Они закопали его живьём, засыпав землёй вопящий рот. Анна смотрела, не отводя глаз. «Так им и надо», — сказала она. Томас, дрожа, отвернулся. Мартин молчал, но его рука сжала старый топор.

- Мы не должны стать такими, — наконец сказал он.
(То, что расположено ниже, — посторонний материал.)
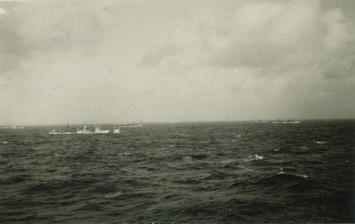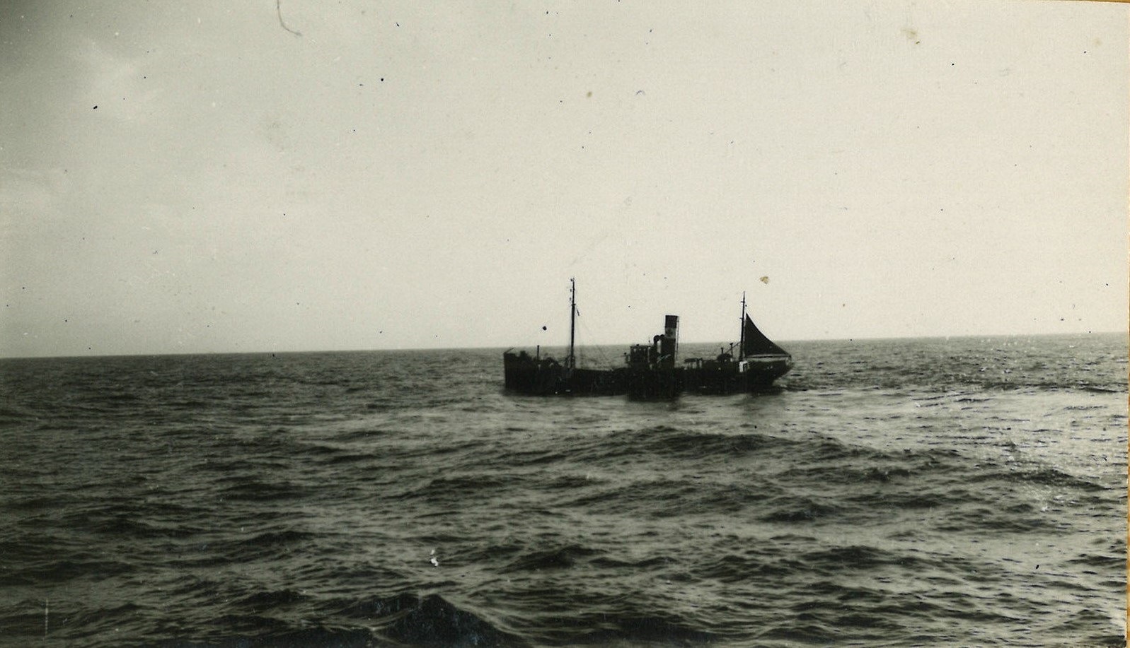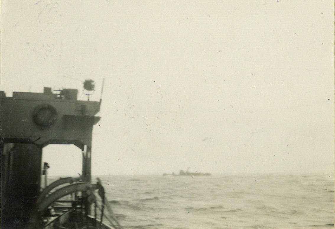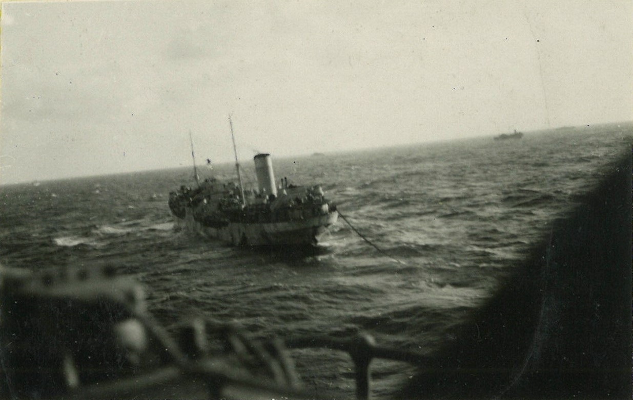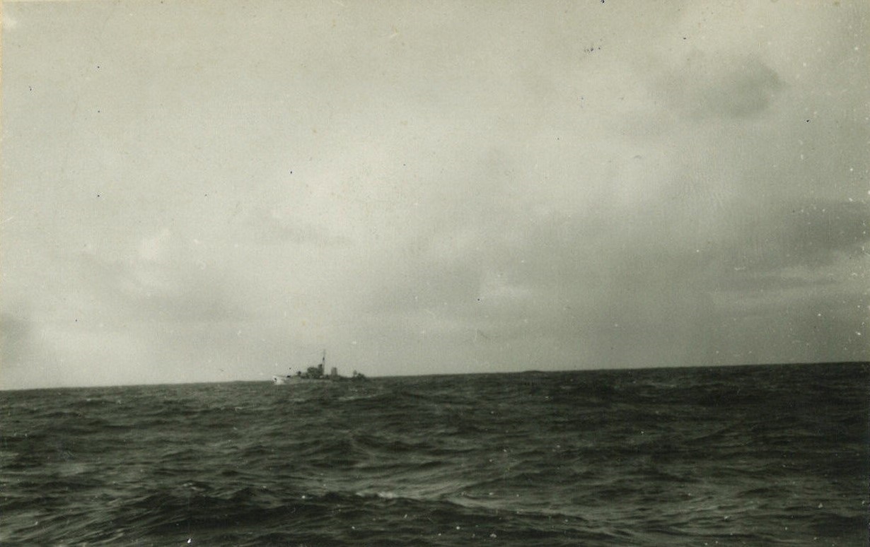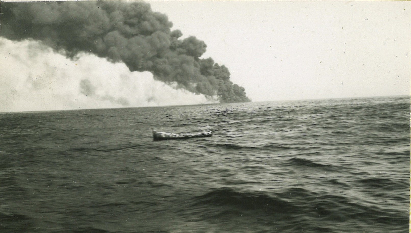 (WC81-WC84) Smoke from burring tanker (WC85) HMCS COPPER CLIFF steaming towards burning tanker Courtesy of William (Bill) Carey via his nephew Jeff Tripp

- Мы уже такие, — ответила Анна, и её голос был холоднее льда.

Осенью 1631 года, они наткнулись на сожжённую деревню, где уцелело лишь несколько крестьян. Те, обезумевшие от голода, окружили Анну, Томаса и Мартина, требуя еды. Их главарь, женщина с обожжённым лицом, держала ржавую косу, готовая рубить. «Делитесь, или сгинете!» — прорычала она. Анна, не колеблясь, швырнула в неё нож, попав в плечо. Крестьяне бросились на них, но Мартин, размахивая топором, разрубил двоих, а Томас, дрожа, заколол третьего. Остальные разбежались, но Анна догнала женщину с косой и, повалив её в снег, била её кулаками, пока та не затихла. Томас, глядя на сестру, впервые заплакал.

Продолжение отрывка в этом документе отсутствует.